Jak już wspomniałam na moim blogu bliźniaku - WitchArts - ponieważ ciężko było niektóre rzeczy przeforsować, a czasem na prawdę ciężko pracuje się z ludźmi, szczególnie z takimi, którzy na naszych plecach chcą bezboleśnie wyjść w górę i nie uznają partnerstwa, a wręcz wymagają full obsługi i jeszcze mają pretensje, że coś w ogóle mają zrobić sami, doszłam do wniosku, że robienie dobrze innym jest wspaniałą drogą ale do pogrążenia siebie. Nie będę opisywać i tłumaczyć, dlaczego właśnie tak
Po prostu. Bo tak. Ostatni rok dużo mnie nauczył. Że czasem nie warto. Po prostu. Trzeba zadbać o siebie. I tylko tyle. No więc pokażę ostatni wytwór który był po prostu w stylu muszę to zrobić. Ale pokaże go już na bliźniaku - WitchArts . Wszystkie inne projekty, które są robione dla Decoris&Arts - też już będą tam. Mimo, że może zauważycie, ze część została rozpoczęta jeszcze tutaj. Ale czasem proces projektowania czegoś i wykonania go musi przejść kilka etapów i to trochę trwa. I materiały ze współpracy z kilkoma wspaniałymi ludźmi, z którymi nadal warto i za to że po prostu są i że często ciągnęli mnie za uszy, gdy już wątpiłam w sens wszystkiego i odechciewało mi się robić cokolwiek, też się będą tam znajdować.

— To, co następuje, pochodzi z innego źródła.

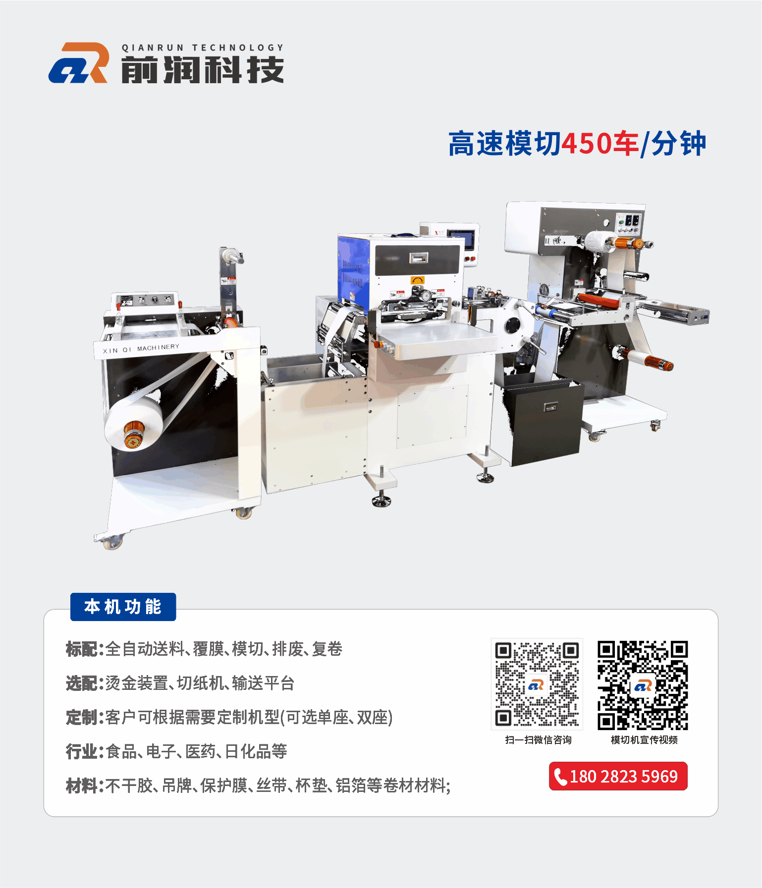 | 3、 | 采用斜背式設(shè)計、模切在機械動作以漸進的方式接觸,使模切壓力得以平均、模切可調(diào)整左右、前后、旋轉(zhuǎn)角度。 | |||

Ten rozdział, gdy dzieliłam swoje rzeczy i miałam chęci pokazać rzeczy i sylwetki innych osób, jest rozdziałem zamkniętym. Także historia tego bloga i to co się tu działo przez ostatnie 5 lat, to też już będzie po prostu historia. Ponieważ na razie w miarę czasu, którego oczywiście nie mam - przerabiam bloga już jako WitchArts, nowe posty będą się tam pojawiać po trochę. Postaram się być bardziej systematyczna - no ale nie dość, że powstaje pracownia, a ja cały czas coś robię na potrzeby sesji i na prośby przyjaciół i często gęsto musimy czekać na prawa do publikacji zdjęć - no to proszę o wyrozumiałość. Ten bog pozostanie, choćby przez to, że są tu tutoriale jak wykonać kilka rzeczy no i moje jakby nie patrzeć utrwalone kilka lat... ps. żeby mi za jakiś czas znowu ktoś nie zarzucił, na jakiej podstawie twierdzę, że coś robię, skoro tego nie pokazywałam... No to chyba wszystko jasne. Nowy etap czas zacząć. PS. Tegoroczne biżuteryjki i uwieńczenie (bo też już ostatni raz koordynuję projekt) akcji biżuteryjki dla WOŚP 2016 - też znajdziecie już pod adresem WitchArts . A będzie na co popatrzeć. No co - zamykamy jedne drzwi, aby móc otworzyć drugie.
Do zobaczyska po drugiej stronie bloga.